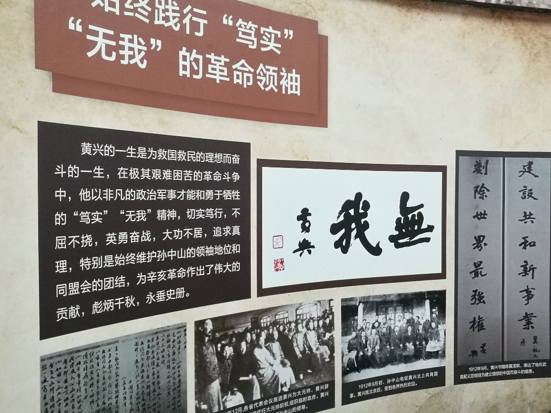 令我们印象最深的就是故居正堂墙两侧的“笃实无我”的家训,这四个字可谓贯穿了黄兴的一生。为了建立华兴会,他曾两次卖掉家产只为购置起义所需的枪支武器;他不在乎官职,辛亥十次革命,他无役不随,愿为革命抛头颅洒热血。革命成功之后却不求功名,只一心维护孙中山的领袖地位;他不在乎本族兴衰,为了国家振兴,把十四岁的儿子送上战场,为培养国之栋梁让子孙辞去官职出国读书。他的心中从不只记挂着自家子孙,在人生的最后一刻,他还不忘把宋教仁的儿子叫到床前,嘱咐他要振作。
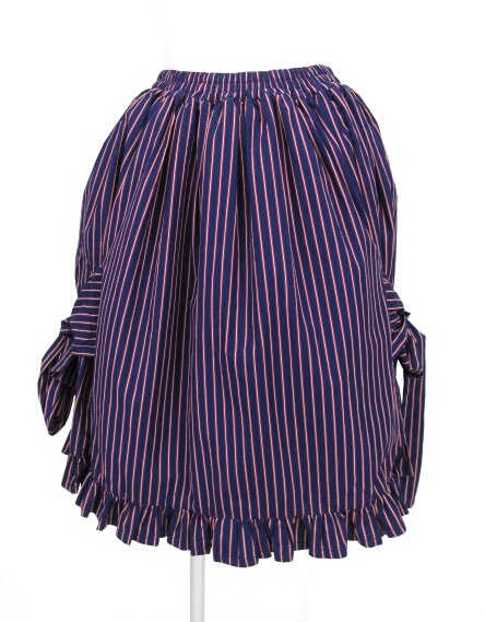 ■ボウ飾りスカート ネイビー 両サイドとバックにリボン飾りの付いたレジメンタルストライプ柄のスカートです。ウエストはゴムウエストです。 |
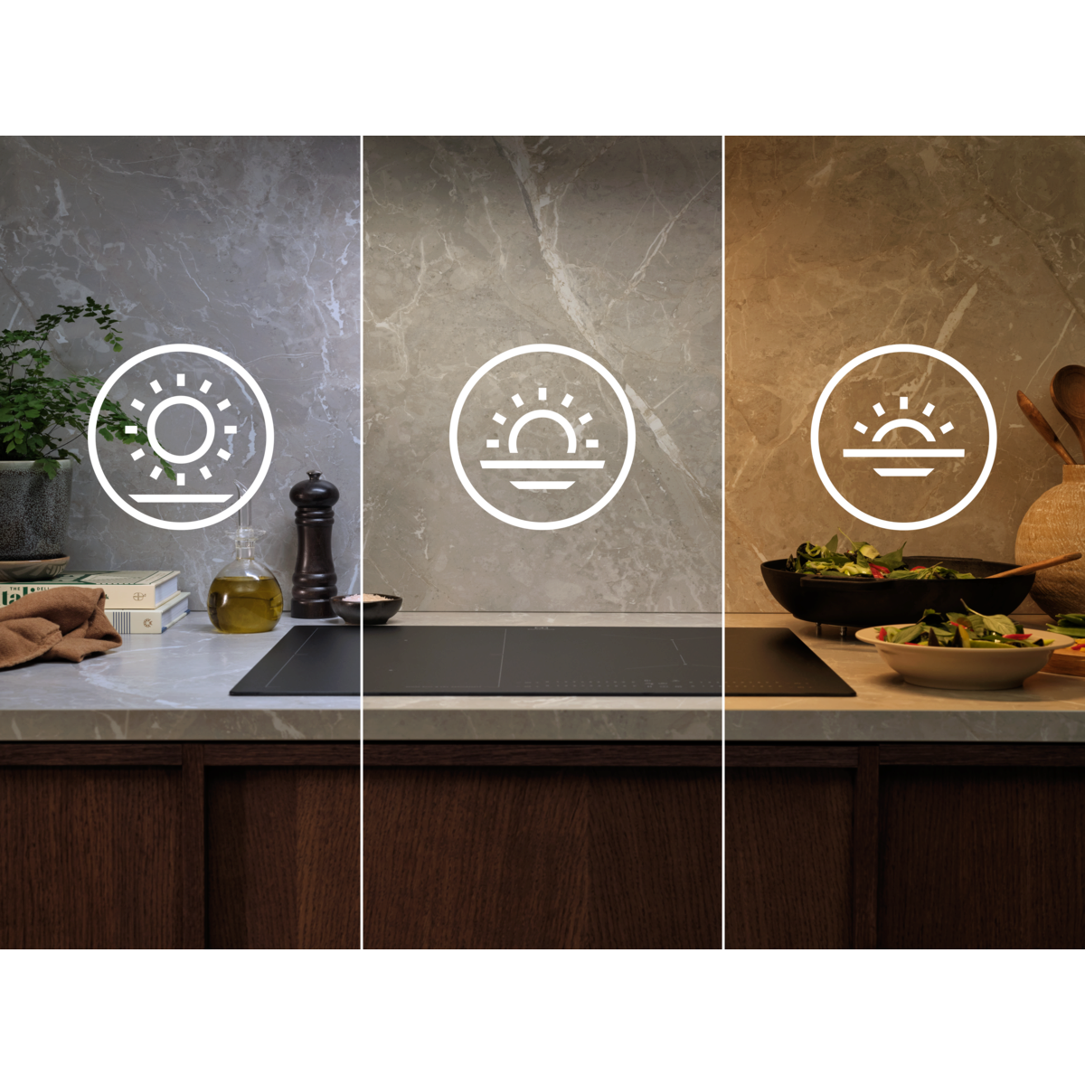 Campana extractora integrada «Myron» de la Serie 900 AutoSense de 54 cm, tres niveles de potencia + potencia intensiva, función Brisa, 680 m³/h, nivel de ruido máximo 66 dB(A), control electrónico, iluminación con tira de LED Perfect Illumination (5000 °K), reconocmimiento de vapores y olores automático AutoSense, cristal negro
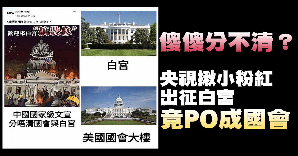 中共官媒央視(CCTV)4日在臉書PO文,稱美國簽署通過香港人權與民主法案,呼籲網友「歡迎來白宮『搞裝修』」,不過,有眼尖的網友發現,附上的圖片竟是美國國會大廈而非白宮,儘管CCTV中文網在隔天中午已經刪文,但消息已經在香港網上傳開,連香港眾志秘書長黃之鋒都轉圖嘲諷。
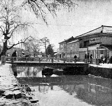昭和29年(1954年)ころの泰平橋界隈。右手に見える建物は現在の寄合い処 御祓館(いしり亭)。写真の当時は大和證券の事務所として使われていました。もともとは十二銀行七尾支店でしす。また、現在の泰平橋は灯りの橋として、燭台が取り付けることができるようになっています。
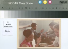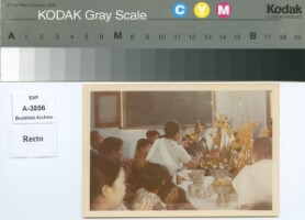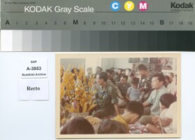 Baci (Soukhuaw) ceremony for General Phya Dhamrong Suradej Donsasorit,The superior of Laos Air force.The photo was probably taken in the A.D.1967 Original material consists of: chromogenic print
----------------------------------------
= Work task =
Only the lines from the one containing "昭和29年(1954年)ころ" to the end of the listing belong in the answer, exactly as they stand and with no pictures.

= Result below =
昭和29年(1954年)ころの泰平橋界隈。右手に見える建物は現在の寄合い処 御祓館(いしり亭)。写真の当時は大和證券の事務所として使われていました。もともとは十二銀行七尾支店でしす。また、現在の泰平橋は灯りの橋として、燭台が取り付けることができるようになっています。
 Baci (Soukhuaw) ceremony for General Phya Dhamrong Suradej Donsasorit,The superior of Laos Air force.The photo was probably taken in the A.D.1967 Original material consists of: chromogenic print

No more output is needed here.